On Estimation of Vaccine Efficacy Using Validation Samples with Selection Bias

Daniel O. Scharfstein, Department of Biostatistics, Johns Hopkins Bloomberg School of Public Health
M. Elizabeth Halloran, Department of Biostatistics, Rollins School of Public Health, Emory University
Haitao Chu, Department of Epidemiology, Johns Hopkins Bloomberg School of Public Health
Michael J. Daniels, Department of Statistics, University of Florida


Using validation sets for outcomes can greatly improve the estimation of vaccine efficacy (VE) in the field (Halloran and Longini 2001; Halloran et al. 2003). Most statistical methods for using validation sets rely on the assumption that outcomes on those with no cultures are missing at random. However, often the validation sets will not be chosen at random. For example, confirmational cultures are often done on people with influenza-like illness as part of routine influenza surveillance. VE estimates based on such non-MAR validation sets could be biased. Here we propose frequentists and Bayesian approaches for estimating vaccine efficacy in the presence of validation bias. Our work builds on the ideas of Rotnitzky et al. (1998,2001), Scharfstein et al. (1999,2003) and Robins et al. (2000).
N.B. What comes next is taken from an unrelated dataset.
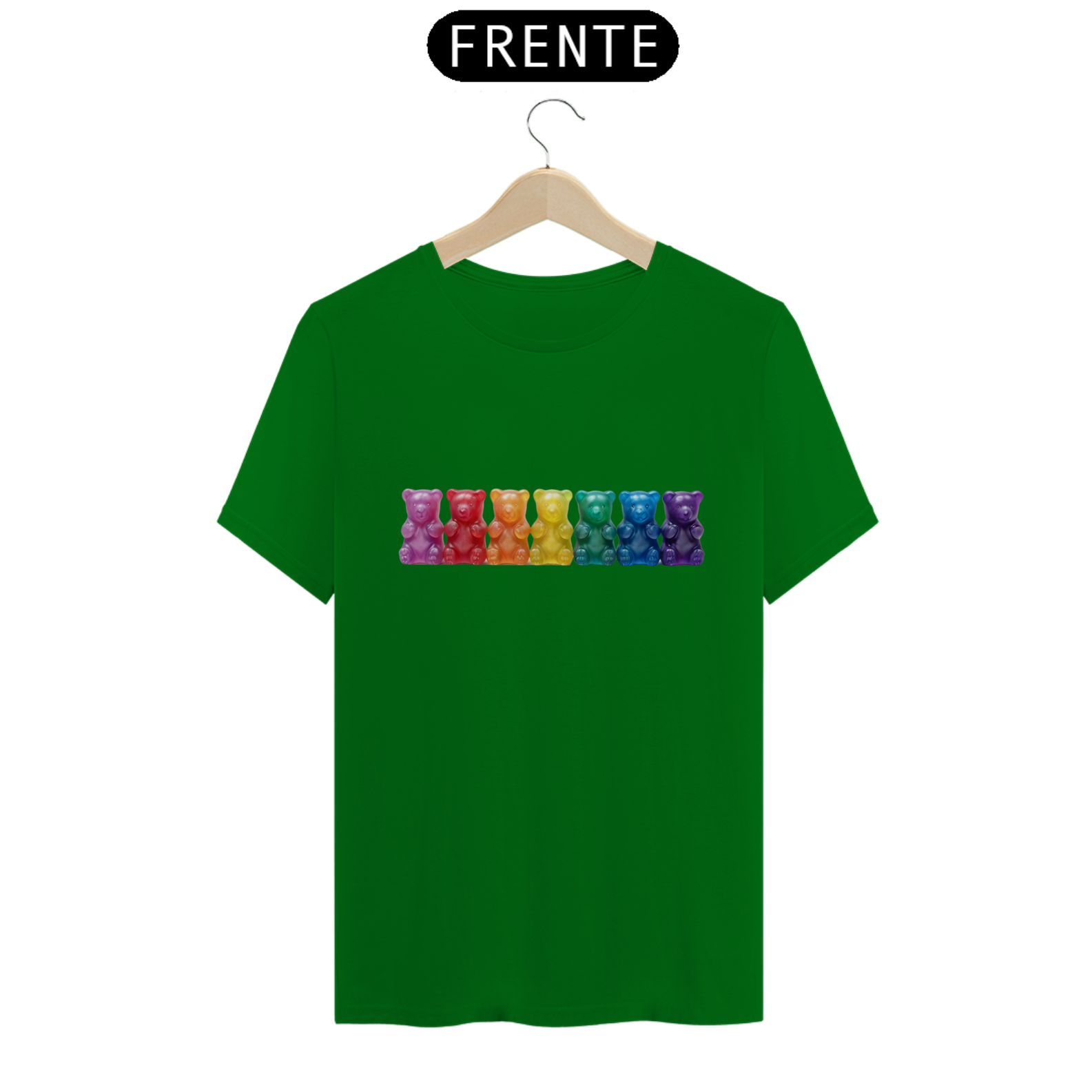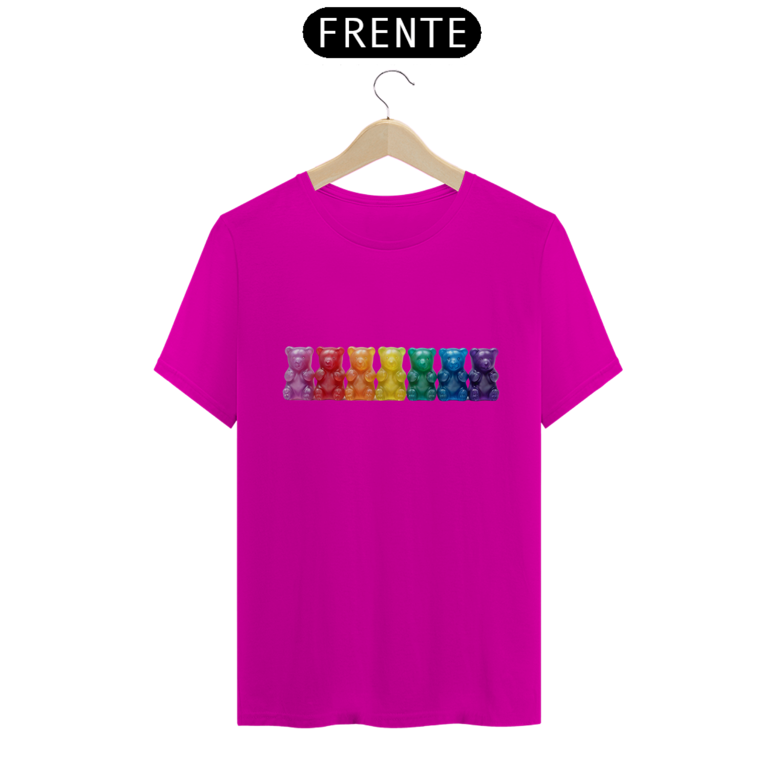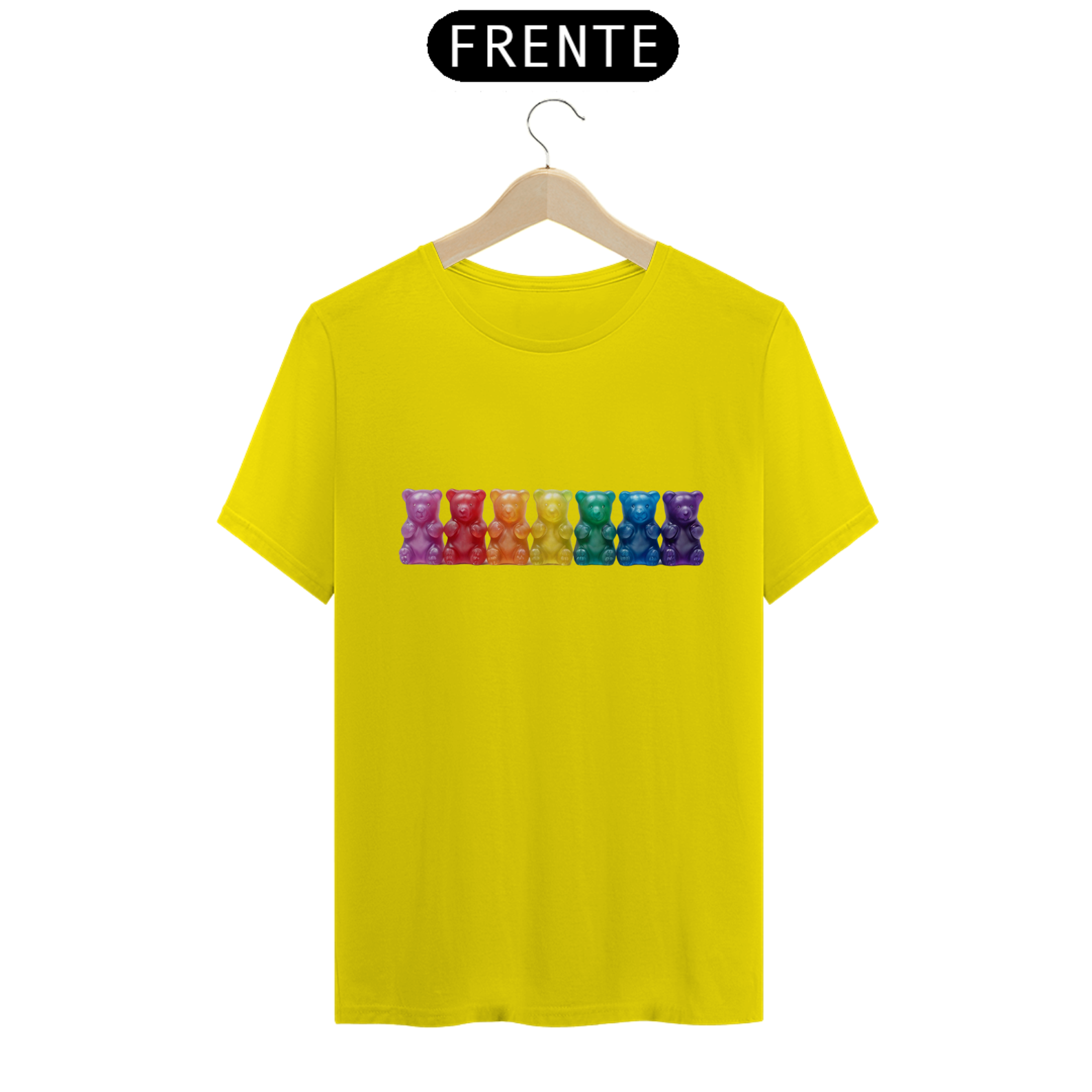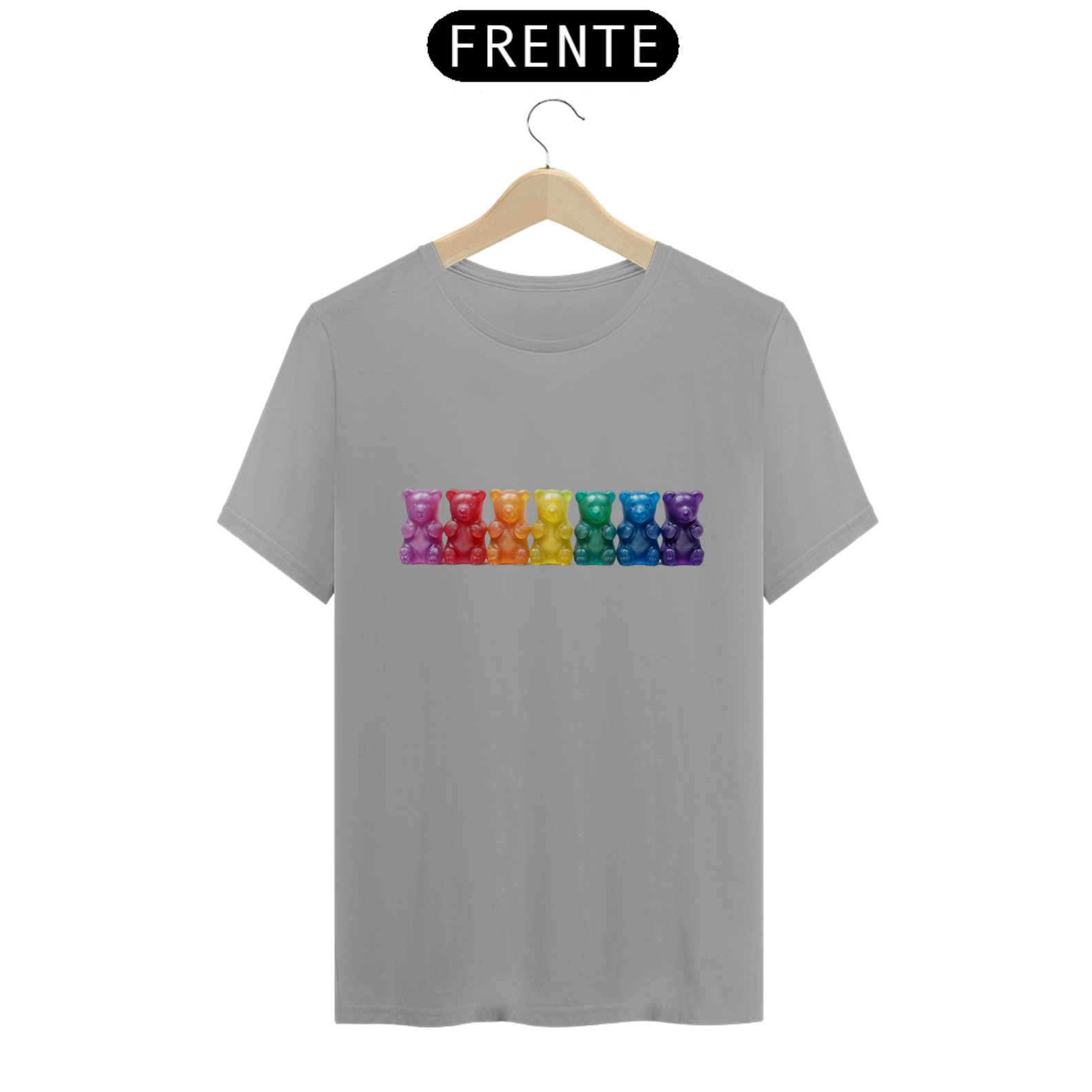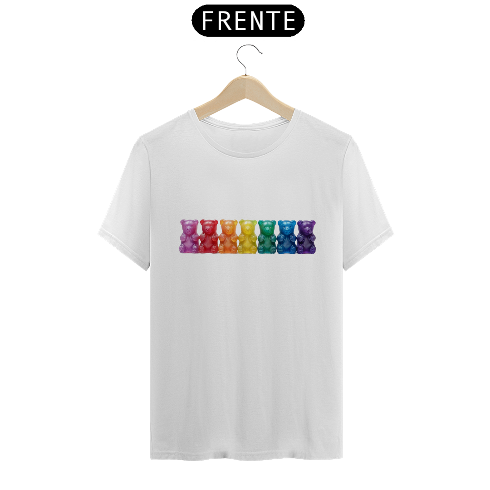 Esta estampa encantadora apresenta sete adoráveis ursinhos de goma, cada um vibrante em uma das cores do arco-íris, simbolizando a diversidade e o orgulho da comunidade Gay Bear. Os ursinhos, em tons vivos e alegres, criam uma composição cativante que celebra a individualidade e a união dentro da comunidade. Ideal para expressar seu orgulho e pertencimento, esta camiseta é uma declaração visual de diversidade e inclusão. Seja para eventos da comunidade, paradas, ou apenas para espalhar alegria no dia a dia, essa estampa colorida e cheia de vida é uma maneira marcante de mostrar seu apoio à comunidade Gay Bear.

Our methods require expert opinion about the nature of the validation selection bias. In a re-analysis of an influenza vaccine study, we found, using the beliefs of a flu expert, that, within any plausible range of selection bias, the VE estimate based on the validation sets is much higher than the point estimate using just the nonspecific case definition. Our approach is generally applicable to studies with missing binary outcomes with categorical covariates.